> [Problem description]: Each record below should be printed exactly as it was written.

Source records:
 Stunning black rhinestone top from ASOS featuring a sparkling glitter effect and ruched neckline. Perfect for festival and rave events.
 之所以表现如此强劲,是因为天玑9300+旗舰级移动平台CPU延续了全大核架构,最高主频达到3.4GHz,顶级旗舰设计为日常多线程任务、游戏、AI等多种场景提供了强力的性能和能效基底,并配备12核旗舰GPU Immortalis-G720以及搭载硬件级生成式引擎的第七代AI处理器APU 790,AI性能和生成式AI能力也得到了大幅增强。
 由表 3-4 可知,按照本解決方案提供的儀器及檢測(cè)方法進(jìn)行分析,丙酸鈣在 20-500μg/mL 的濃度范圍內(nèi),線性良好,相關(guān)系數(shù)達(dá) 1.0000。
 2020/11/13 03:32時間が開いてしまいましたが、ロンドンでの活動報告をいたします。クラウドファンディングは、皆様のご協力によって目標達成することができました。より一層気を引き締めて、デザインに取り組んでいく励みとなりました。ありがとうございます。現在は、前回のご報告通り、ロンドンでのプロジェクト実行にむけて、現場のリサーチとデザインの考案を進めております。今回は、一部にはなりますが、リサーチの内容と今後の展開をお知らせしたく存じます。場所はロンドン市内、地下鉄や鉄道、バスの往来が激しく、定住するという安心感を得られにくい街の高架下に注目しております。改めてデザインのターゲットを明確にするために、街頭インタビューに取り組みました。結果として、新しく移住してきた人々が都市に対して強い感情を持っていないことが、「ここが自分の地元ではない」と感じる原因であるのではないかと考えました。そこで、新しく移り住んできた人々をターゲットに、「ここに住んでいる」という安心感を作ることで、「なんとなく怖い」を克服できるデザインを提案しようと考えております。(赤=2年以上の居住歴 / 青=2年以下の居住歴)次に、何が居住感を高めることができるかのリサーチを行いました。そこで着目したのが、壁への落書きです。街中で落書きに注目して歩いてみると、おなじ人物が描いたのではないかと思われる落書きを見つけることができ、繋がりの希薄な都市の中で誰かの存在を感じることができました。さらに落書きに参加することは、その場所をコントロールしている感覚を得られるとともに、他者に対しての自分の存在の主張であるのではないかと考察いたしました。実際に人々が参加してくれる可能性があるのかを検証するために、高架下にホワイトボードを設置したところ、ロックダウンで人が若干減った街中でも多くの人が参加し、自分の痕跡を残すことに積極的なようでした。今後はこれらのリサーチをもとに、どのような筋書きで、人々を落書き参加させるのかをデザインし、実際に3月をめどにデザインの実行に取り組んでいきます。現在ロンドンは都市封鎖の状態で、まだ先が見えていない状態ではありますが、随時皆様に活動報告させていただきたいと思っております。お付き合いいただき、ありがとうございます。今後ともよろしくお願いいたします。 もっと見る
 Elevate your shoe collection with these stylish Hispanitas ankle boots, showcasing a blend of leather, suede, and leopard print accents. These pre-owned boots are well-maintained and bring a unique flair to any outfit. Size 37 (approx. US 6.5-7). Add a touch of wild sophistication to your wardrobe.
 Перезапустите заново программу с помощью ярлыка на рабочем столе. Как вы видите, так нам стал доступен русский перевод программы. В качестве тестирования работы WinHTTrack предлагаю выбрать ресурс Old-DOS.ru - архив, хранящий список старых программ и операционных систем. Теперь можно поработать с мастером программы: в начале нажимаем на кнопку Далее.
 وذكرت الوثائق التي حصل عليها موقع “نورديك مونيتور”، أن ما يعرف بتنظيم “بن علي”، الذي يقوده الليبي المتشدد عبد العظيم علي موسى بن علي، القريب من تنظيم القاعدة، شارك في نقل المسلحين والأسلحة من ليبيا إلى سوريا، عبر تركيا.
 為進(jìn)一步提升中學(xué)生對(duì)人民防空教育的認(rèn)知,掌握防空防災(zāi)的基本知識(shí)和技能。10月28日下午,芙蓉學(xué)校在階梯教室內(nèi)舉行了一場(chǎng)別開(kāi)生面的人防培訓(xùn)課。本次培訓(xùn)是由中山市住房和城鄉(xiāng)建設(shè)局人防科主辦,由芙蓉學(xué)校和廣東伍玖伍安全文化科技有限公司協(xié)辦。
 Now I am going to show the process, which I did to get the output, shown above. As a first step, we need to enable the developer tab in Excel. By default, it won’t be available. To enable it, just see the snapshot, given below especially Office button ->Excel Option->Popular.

> [Result]:
 Stunning black rhinestone top from ASOS featuring a sparkling glitter effect and ruched neckline. Perfect for festival and rave events.
 之所以表现如此强劲,是因为天玑9300+旗舰级移动平台CPU延续了全大核架构,最高主频达到3.4GHz,顶级旗舰设计为日常多线程任务、游戏、AI等多种场景提供了强力的性能和能效基底,并配备12核旗舰GPU Immortalis-G720以及搭载硬件级生成式引擎的第七代AI处理器APU 790,AI性能和生成式AI能力也得到了大幅增强。
 由表 3-4 可知,按照本解決方案提供的儀器及檢測(cè)方法進(jìn)行分析,丙酸鈣在 20-500μg/mL 的濃度范圍內(nèi),線性良好,相關(guān)系數(shù)達(dá) 1.0000。
 2020/11/13 03:32時間が開いてしまいましたが、ロンドンでの活動報告をいたします。クラウドファンディングは、皆様のご協力によって目標達成することができました。より一層気を引き締めて、デザインに取り組んでいく励みとなりました。ありがとうございます。現在は、前回のご報告通り、ロンドンでのプロジェクト実行にむけて、現場のリサーチとデザインの考案を進めております。今回は、一部にはなりますが、リサーチの内容と今後の展開をお知らせしたく存じます。場所はロンドン市内、地下鉄や鉄道、バスの往来が激しく、定住するという安心感を得られにくい街の高架下に注目しております。改めてデザインのターゲットを明確にするために、街頭インタビューに取り組みました。結果として、新しく移住してきた人々が都市に対して強い感情を持っていないことが、「ここが自分の地元ではない」と感じる原因であるのではないかと考えました。そこで、新しく移り住んできた人々をターゲットに、「ここに住んでいる」という安心感を作ることで、「なんとなく怖い」を克服できるデザインを提案しようと考えております。(赤=2年以上の居住歴 / 青=2年以下の居住歴)次に、何が居住感を高めることができるかのリサーチを行いました。そこで着目したのが、壁への落書きです。街中で落書きに注目して歩いてみると、おなじ人物が描いたのではないかと思われる落書きを見つけることができ、繋がりの希薄な都市の中で誰かの存在を感じることができました。さらに落書きに参加することは、その場所をコントロールしている感覚を得られるとともに、他者に対しての自分の存在の主張であるのではないかと考察いたしました。実際に人々が参加してくれる可能性があるのかを検証するために、高架下にホワイトボードを設置したところ、ロックダウンで人が若干減った街中でも多くの人が参加し、自分の痕跡を残すことに積極的なようでした。今後はこれらのリサーチをもとに、どのような筋書きで、人々を落書き参加させるのかをデザインし、実際に3月をめどにデザインの実行に取り組んでいきます。現在ロンドンは都市封鎖の状態で、まだ先が見えていない状態ではありますが、随時皆様に活動報告させていただきたいと思っております。お付き合いいただき、ありがとうございます。今後ともよろしくお願いいたします。 もっと見る
 Elevate your shoe collection with these stylish Hispanitas ankle boots, showcasing a blend of leather, suede, and leopard print accents. These pre-owned boots are well-maintained and bring a unique flair to any outfit. Size 37 (approx. US 6.5-7). Add a touch of wild sophistication to your wardrobe.
 Перезапустите заново программу с помощью ярлыка на рабочем столе. Как вы видите, так нам стал доступен русский перевод программы. В качестве тестирования работы WinHTTrack предлагаю выбрать ресурс Old-DOS.ru - архив, хранящий список старых программ и операционных систем. Теперь можно поработать с мастером программы: в начале нажимаем на кнопку Далее.
 وذكرت الوثائق التي حصل عليها موقع “نورديك مونيتور”، أن ما يعرف بتنظيم “بن علي”، الذي يقوده الليبي المتشدد عبد العظيم علي موسى بن علي، القريب من تنظيم القاعدة، شارك في نقل المسلحين والأسلحة من ليبيا إلى سوريا، عبر تركيا.
 為進(jìn)一步提升中學(xué)生對(duì)人民防空教育的認(rèn)知,掌握防空防災(zāi)的基本知識(shí)和技能。10月28日下午,芙蓉學(xué)校在階梯教室內(nèi)舉行了一場(chǎng)別開(kāi)生面的人防培訓(xùn)課。本次培訓(xùn)是由中山市住房和城鄉(xiāng)建設(shè)局人防科主辦,由芙蓉學(xué)校和廣東伍玖伍安全文化科技有限公司協(xié)辦。
 Now I am going to show the process, which I did to get the output, shown above. As a first step, we need to enable the developer tab in Excel. By default, it won’t be available. To enable it, just see the snapshot, given below especially Office button ->Excel Option->Popular.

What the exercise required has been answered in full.